Testing the balanced split concept from the Balanced Split paper.
- Addressed the idea of imbalanced datasets and suggested training with balanced data extracted from the originally unbalanced.
- Introduced a restriction on the size of the training data to be less than or equal to the minority class ratio multiplied by the total number of classes.
- Provided comparison between the pros and cons of random, stratified, and balanced splitting methods.
- Showed improved performance over the other two methods.
The following is the split function used to prove the concept.
def split(ds, split="stratified", seed=42, train_size=0.75):
splits = None
if split == "stratified":
splits = train_test_split(
ds, stratify=ds.labels, random_state=seed, train_size=train_size
)
elif split == "balanced":
class_ratios = ds.labels.value_counts(normalize=True)
classes = ds.labels.unique()
num_classes = len(classes)
min_ratio = min(class_ratios.to_list())
train_size = min(train_size, num_classes * min_ratio)
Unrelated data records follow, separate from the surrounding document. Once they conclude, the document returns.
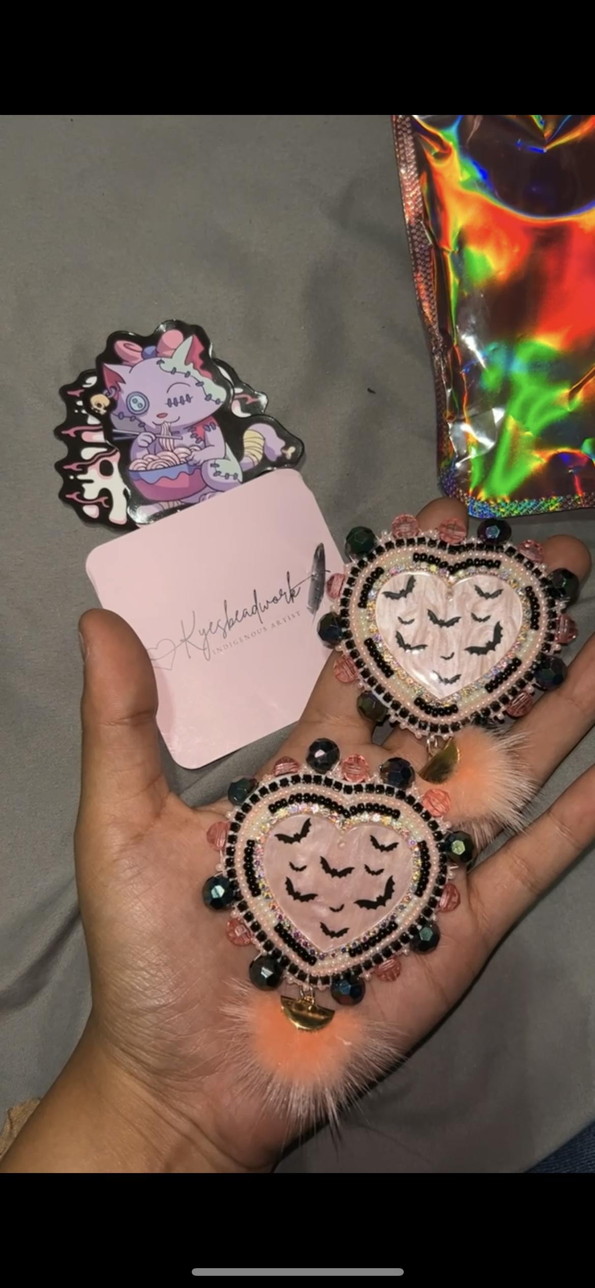 materials: miyuki seed beads in size 11/0, and 2mm rhinestone banding in black and rainbow silver. Backed with a bat backing and finger nail posts. Real mink fur tuffs dyed pink.
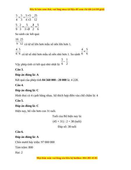 Câu 3. Kết quả của phép tính 84 560 000 : 20 000 là: A. 4 228 B. 8 456 C. 8 423 D. 4 229
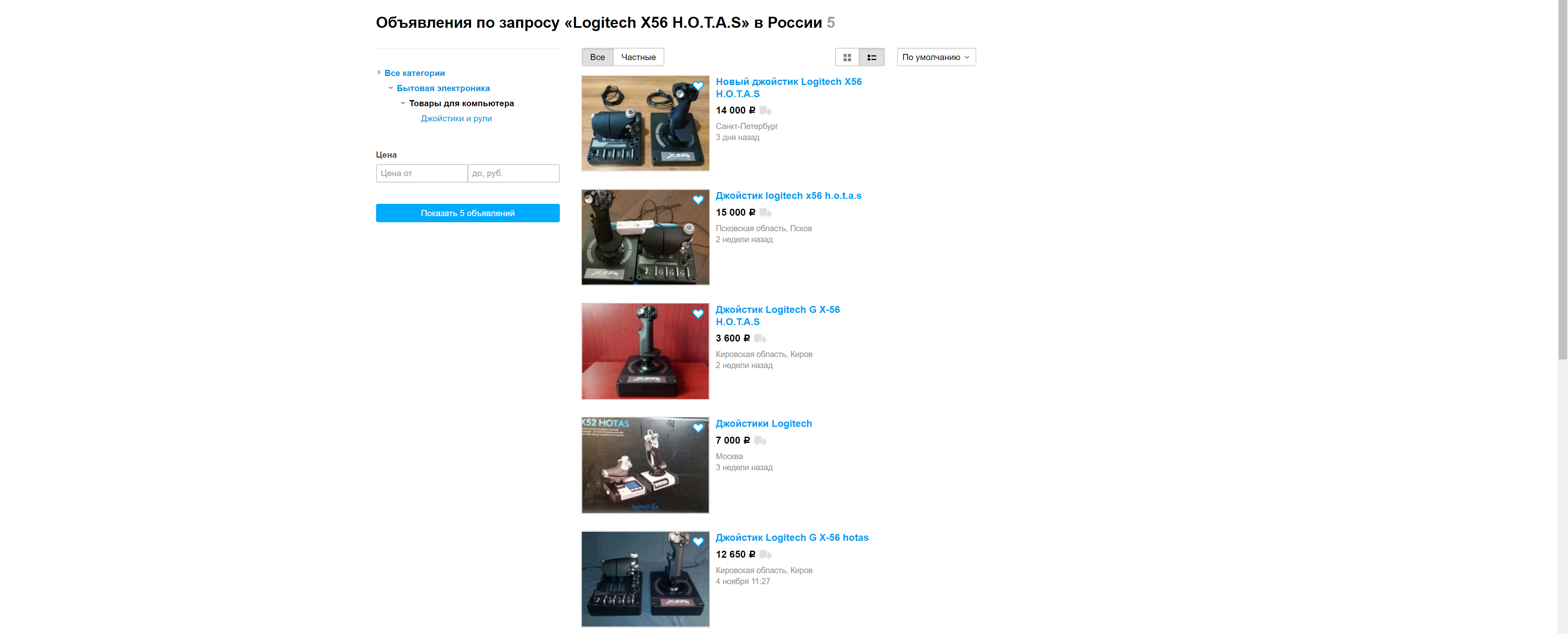 ABP_158 Опубликовано: 3 декабря 2019 Опубликовано: 3 декабря 2019 13 минут назад, a___k___s сказал: не, там бывают и лучше, недавно нулёвый красноглазый был ) Андрей привет.Вот здесь бывают бюджетные,но надо постоянно мониторить,разметают моментально,видимо наши? https://sendle.ru/search?controller=search&orderby=position&orderway=desc&id_category=all&search_query=Microsoft+Sidewinder+Force+Feedback 1
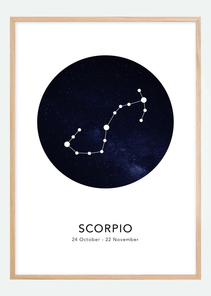 Подарете лично платно на някого, който харесвате! Този стилен плакат има мотив на зодиакалния знак Скорпион върху фон във вид на черно и синьо звездно небе. По-долу е изписано името заедно с актуалните дати на английски.
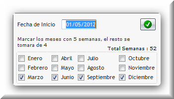 La segunda parte del calendario consiste en marcar (activar la casilla con la marca de verificación) los meses con 5 semanas, finalmente dar clic en el botón con el icono en color verde para ejecutar los cambios.
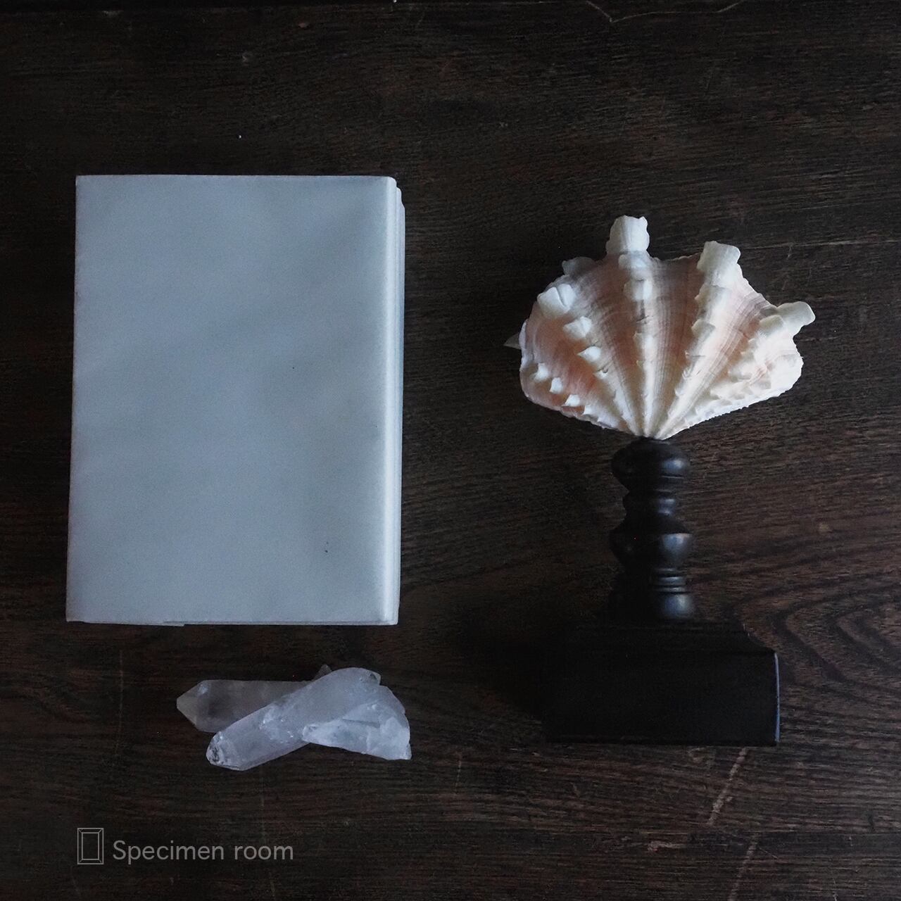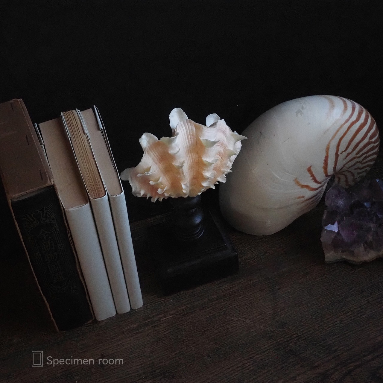 画像の鉱石や本、ヒレシャコガイの標本以外の標本等は撮影用の小物です

print(f"Train size used: {train_size}")
class_ratio = train_size / num_classes
examples_per_class = int(class_ratio * len(ds))
inds = []
for c in classes:
sample = ds[ds.labels == c].sample(examples_per_class, random_state=seed)
inds.extend(sample.index.to_list())
splits = (ds.iloc[inds, :], ds.drop(index=inds))
else:
raise Exception("Unknown split method")
return splits
The concept was test using the 20-news-groups dataset from Sci-Kit Learn.
The base line model used is Logistic Regression.
Three configurations were test:
- Balanced Split
- Stratified Split
- Stratified Split (Weighted Learning)
The results came as follows.
Score \ Method | Balanced | Stratified | Stratified (Weighted) |
---|---|---|---|
F1 (weighted avg.) | 0.68 | 0.69 | 0.67 |
To verify the idea on a more realistic model, a Bert-Base-Cased model was used as a sequence classifier.
The results came as follows.
Score \ Method | Balanced | Stratified | Stratified (Weighted) |
---|---|---|---|
F1 (weighted avg.) | 0.785 | 0.775 | 0.783 |
It is hard to tell but the method is worth testing whenever possible. We still need a robust method to split our datasets properly based on the input features and labels at the same time. For example, we need to have the same distribution of labels in training, validation, and testing. However, we also need to include all types of rules why an example is give a speciific label at least in the training split. To elaborate, an example may be positive (sentiment) based on using positive words or negating negative ones. We need to ensure that these two signals are present at least in the training split.